3c: If you believe that the point at which life begins is somewhere in between, then:
3c(1) You pick a fairly arbitrary point, and allow abortion before that point, but not after; or
3c(2) You pick 2 fairly arbitrary points, and say that between those points a fetus may be alive, but does not have 100% human rights; and allow abortion during that time.
3c(2) gets you into some sticky moral dilemmas.
None of the above, though, support an exception for rape/incest. Why do the circumstances of the conception affect the morality of whether or not the abortion should be performed?
The scenario as posed was not one of limited resources; let there be abundant food, but nobody else to provide essential care for the helpless infant; she just decides that she doesn’t want to perform the role of parent any more. In the same way that a pregnant female may decide that she doesn’t want to be host to the fetus any more (except in that case, the inbability to hand it over to someone else is restricted by technology, rather than geography).

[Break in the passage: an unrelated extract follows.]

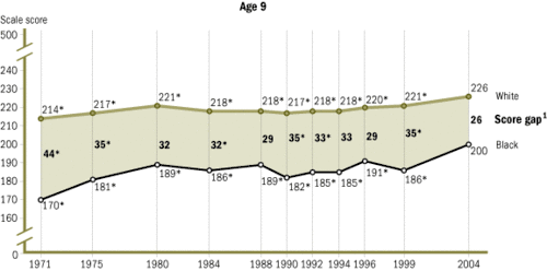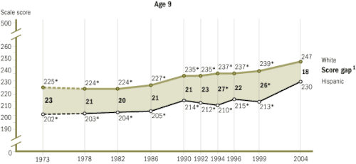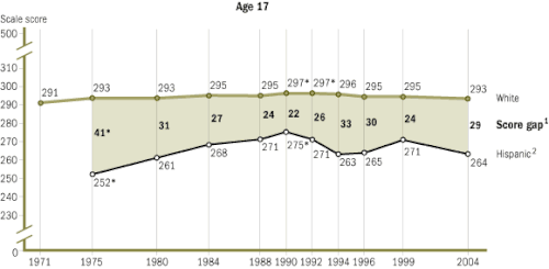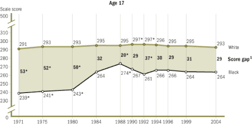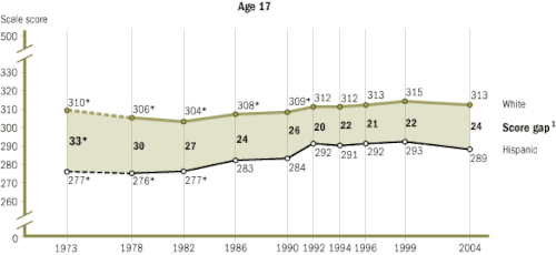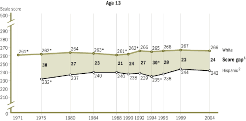 The National Assessment of Educational Progress (NAEP) has been testing seventeen-year-olds since 1971. From 1971 to 1996, the black-white reading gap shrank by almost one half and the math gap by almost one third.[32] Specifically, blacks scored an average of 239 points, and whites scored an average of 291 points on the NAEP reading tests in 1971. In 1990, blacks scored an average of 267, and whites scored an average of 297 points. On NAEP math tests in 1973, blacks scored an average of 270, and whites scored 310. In 1990, black average score was 289 and whites scored an average of 310 points. For Hispanics, the average NAEP math score for seventeen-year-olds in 1973 was 277 and 310 for whites. In 1990, the average score among Hispanics was 284 compared with 310 for whites.[21]

Nope; that’s a serious stumbling point right there; the ants in my garage are alive; the mould on the Camenbert in my fridge is alive.
This question is pointless. When a woman chooses to terminate an unwanted pregnancy, no child ever comes into existence. You can’t victimize imaginary children.
Diogenes, I have a question about your position. If a woman gives birth to a baby, and then decides on the first day after birth that she doesn’t want it, can she destroy it? If not, what makes the moment of birth so decisive? If so, how long can you wait until destroyng the infant is unacceptable? My point is that no matter what your personal convictions may be on when one crosses the threshold into, shall we say, ‘nondestroyability’, the issue matters and surely where the threshold is set should be very relevant for anyone who regards the killing of actual human lives abbhorent.
Lama Pacos, why would anyone consider birth to be a *less * sensible dividing line than conception? I don’t have the right to kill anyone *else * who lives outside of my body, so once born, why is this person any different?
Exactly; so what actually changes in the entity during the second in which the fetus on the inside of the vagina becomes a baby on the outside?
Um… the being outside? I thought I was clear about that.
Its location?
Right, but why is that a meaningful line to draw when deciding whether an entity is destroyable or not? Wouldn’t a more sensible line be drawn at the moment that advanced brain functions kick in?
Thw right of the woman is to have the thing removed from her body. The reason women get abortions is not to destroy something but to stop being pregnant. Her autonomy is over her own body, not the fetus, per se. Questions about the rights of fetal enties once removed from the body have no relevance to abortion rights.